Statements on Willingness to Share and Concerns

The open-ended question on what would make them more willing to share their internet use data was answered by 2307 (2307/2390, 96.5%) participants. Percentages of statements relative to numbers of those definitely willing, probably willing, probably unwilling, and definitely unwilling to share are presented in . The main suggestions given by those currently not willing to share were strong assurance of data security (66/596, 11.1%) and incentives (37/596, 6.2%); however, the majority of these participants stated “nothing” would make them more willing (definitely not: 189/236, 80.1%; probably not: 196/360, 54.4%). Those who were “probably” or “definitely” willing to share their internet use data offered a wider range of suggestions, including a sense of contribution to research and society (“helping others”: 480/1794, 26.8%); data security assurances (211/1794, 11.8%); clarification of research purposes (157/1794, 8.6%); incentives (110/1794, 6.1%); strict governance, personal control, and building trust (106/1794, 5.9%); and personal relevance (147/1794, 8.2%).

‎Figure 1. Suggestions to increase willingness to share internet use data from a cross-sectional survey in 2025 with UK participants recruited through an online survey panel. Statements could be coded as multiple categories. Participants saying nothing would make them more willing are not included in this figure.

The question about concerns surrounding sharing internet use data was answered by 2318 (2318/2390, 97%) participants (). Concerns of participants who were “probably not” or “definitely not” willing to share their internet use data mostly focused on data security and the invasion of privacy (160/596, 26.8%) and concerns about data misuse, including sharing with private (marketing) companies (39/596, 6.5%). Participants also questioned the relevance of their internet use data for early detection of disease (76/596, 12.8%). Participants who were “probably” or “definitely” willing to share their internet use data noted similar concerns, although many indicated no concerns (probably willing: 368/716, 51.4%; definitely willing: 794/1078, 73.7%). Examples are provided in .

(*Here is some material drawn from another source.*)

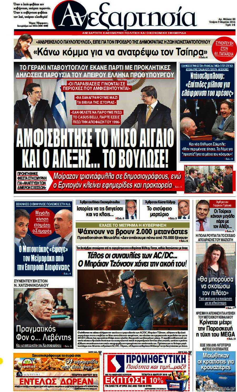 Το πρωτοσέλιδο της ημέρας 9/3/2016

‎Figure 2. Concerns about sharing internet use data from a cross-sectional survey in 2025 with UK participants recruited through an online survey panel. Statements could be coded as multiple categories. Participants saying they had no concerns are not included in this figure.
DiscussionPrincipal Findings

This study examined willingness to share internet use data for research into early detection of cancer, heart disease, and depression. Participants showed a similarly high willingness to share internet use data for all conditions. Willingness differed by data type, being lowest for online purchases and location history and highest for health app data. Viewing a screenshot of browsing history did not significantly affect willingness for any condition.

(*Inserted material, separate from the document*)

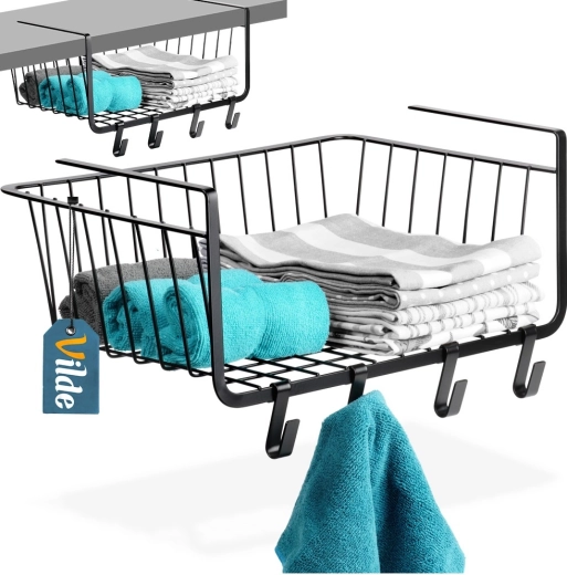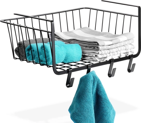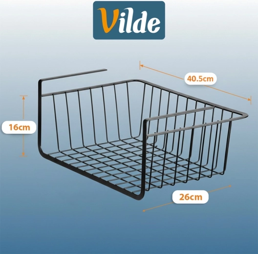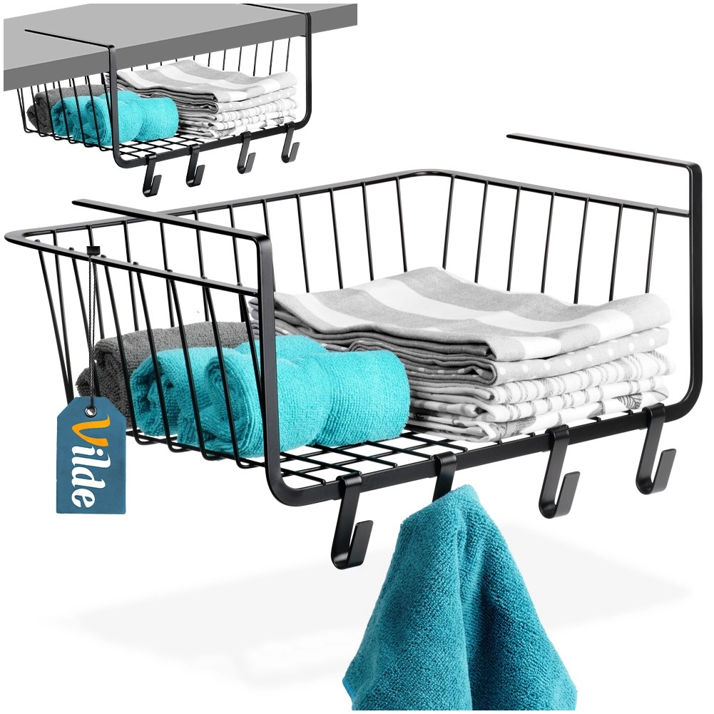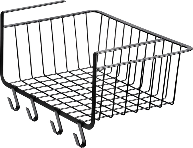 Praktikus, polc alá akasztható kosár 40,5 × 26 × 16 cm méretben, amely fúrás nélkül növeli a tárolóhelyet. Tartozékai a négy akasztó konyharuhák vagy kiegészítők felakasztásához. A kosár strapabíró fémből készült, fekete színben, sokoldalúan használható a konyhában, fürdőszobában, gardróbban és irodában, és lehetővé teszi a gyors, szerszám nélküli felszerelést.

Perceived benefits and concerns were key factors associated with willingness across all conditions. Answering open questions about willingness to share, participants reported that contributing to research, personal relevance, data security, incentives, clear research purposes, concrete examples, strong governance, and trust in researchers would improve their willingness to share. In contrast, they reported that privacy concerns, fear of misuse, and low relevance could reduce willingness to share. Those who were more familiar with internet use data were less likely to share data for heart disease detection, but this was not associated with willingness to share data for research on cancer or depression. There were few sociodemographic factors associated with willingness to share, but some did exist: Asian and Asian British participants were less willing to share their internet use data for cancer detection (not replicated in the sensitivity analyses), while younger (not replicated in the sensitivity analyses) and male participants were more willing to share data for depression detection.

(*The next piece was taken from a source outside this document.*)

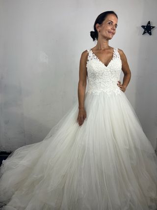 Pregunta sin compromiso y precio negociable.☺️ Vestido estilo princesa con falda de tul y precioso cuerpo de encaje con pedrería. Escote en V muy favorecedor y diseño romántico y elegante.Talla aproximada 40-42. Se realizaron pequeños arreglos en la parte superior para ajustarlo mejor, pero se puede volver a adaptar fácilmente. La espalda también permite ajustes. Altura de la novia: 1,60 m + tacones de aproximadamente 10 cm. El vestido está en muy buen estado. No incluye velo ni cancán. Precio en tienda alrededor de 1.400-1.600 €. Perfecto para una novia que busque un vestido precioso de una marca reconocida a un precio accesible.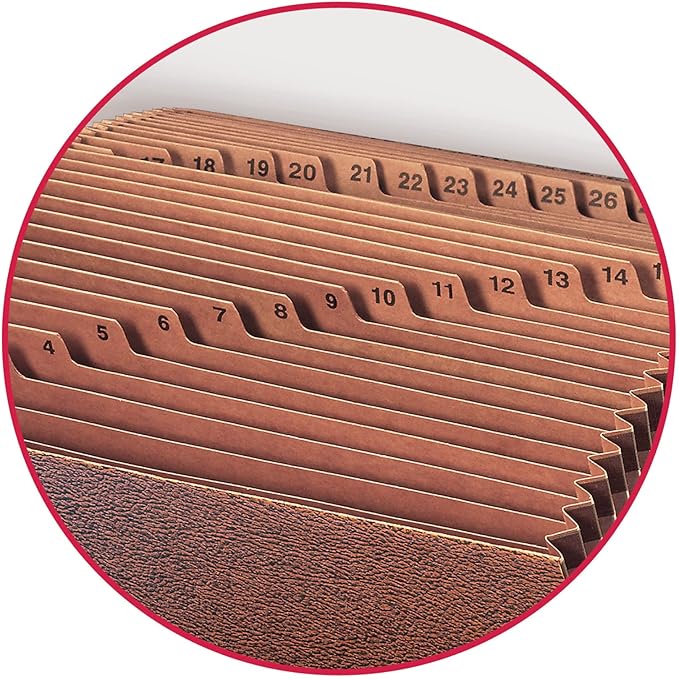 - Includes 1 legal size (15" W x 10" H) expanding file featuring 31 pockets with daily (1-31) indexing for organizing, storing and transporting important files; tax filing essentials that will make your tax season stress-free and organized

Comparison With Prior Work

We found a surprisingly high willingness to share internet use data for health research compared with recent studies. For example, Grande et al [] classified approximately 13% of their participants as “agreeable to sharing,” whereas about 45% of our participants indicated they were “definitely” willing to share. Similarly, Hirst et al [] found that 61% of participants were willing to share their data with research organizations, and only 43% were willing to share with private organizations, compared with 75% in this study. Although we did not differentiate the kind of organization data would be shared with, we consistently found that a higher proportion of participants were willing to share across different types of data than in these studies. Our proportions are based on users of the respective types of data. However, willingness to share was similar when participants were asked more generally about “internet use data.”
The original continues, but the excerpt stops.